* _Task to complete_
The following data is to be repeated exactly, its pictures excluded.

* _Dataset content_
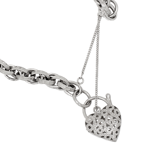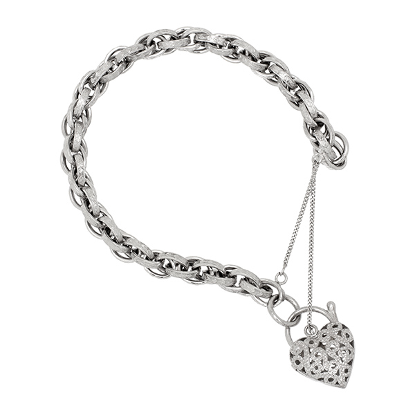 This luxurious and sophisticated, 9ct white gold prince of wales twist bracelet is crafted with a gorgeous leaf patterned gold tubing and has a strong padlock style clasp.
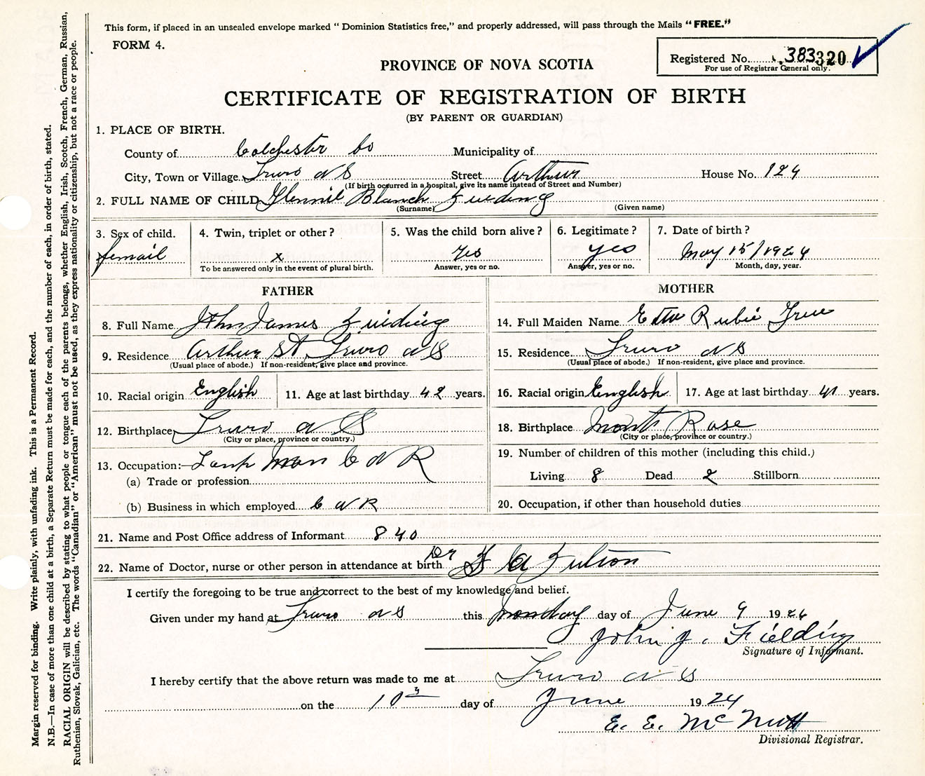 Female Birth Registration: Year: 1924 number: 38300320
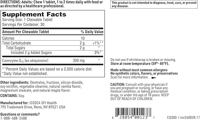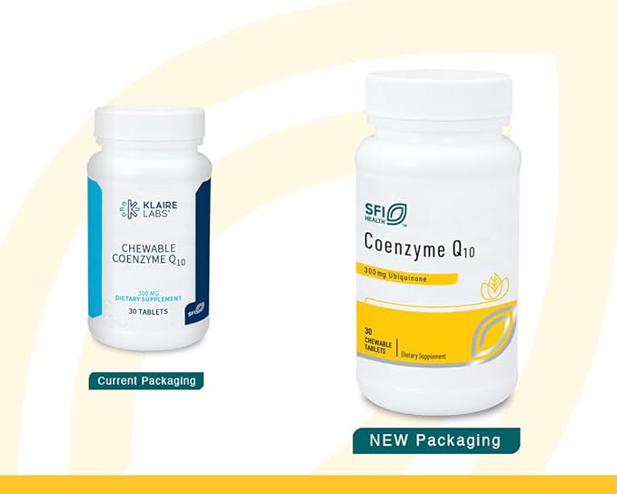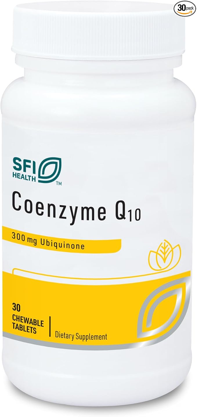 Klaire Labs SFI Health Chewable Coenzyme Q10-300 Milligrams High Strength CoQ10 as Ubiquinone, Emulsified with Vitamin E for Superior Absorption (30 Tablets)

* _Exercise answer_
 This luxurious and sophisticated, 9ct white gold prince of wales twist bracelet is crafted with a gorgeous leaf patterned gold tubing and has a strong padlock style clasp.
 Female Birth Registration: Year: 1924 number: 38300320
 Klaire Labs SFI Health Chewable Coenzyme Q10-300 Milligrams High Strength CoQ10 as Ubiquinone, Emulsified with Vitamin E for Superior Absorption (30 Tablets)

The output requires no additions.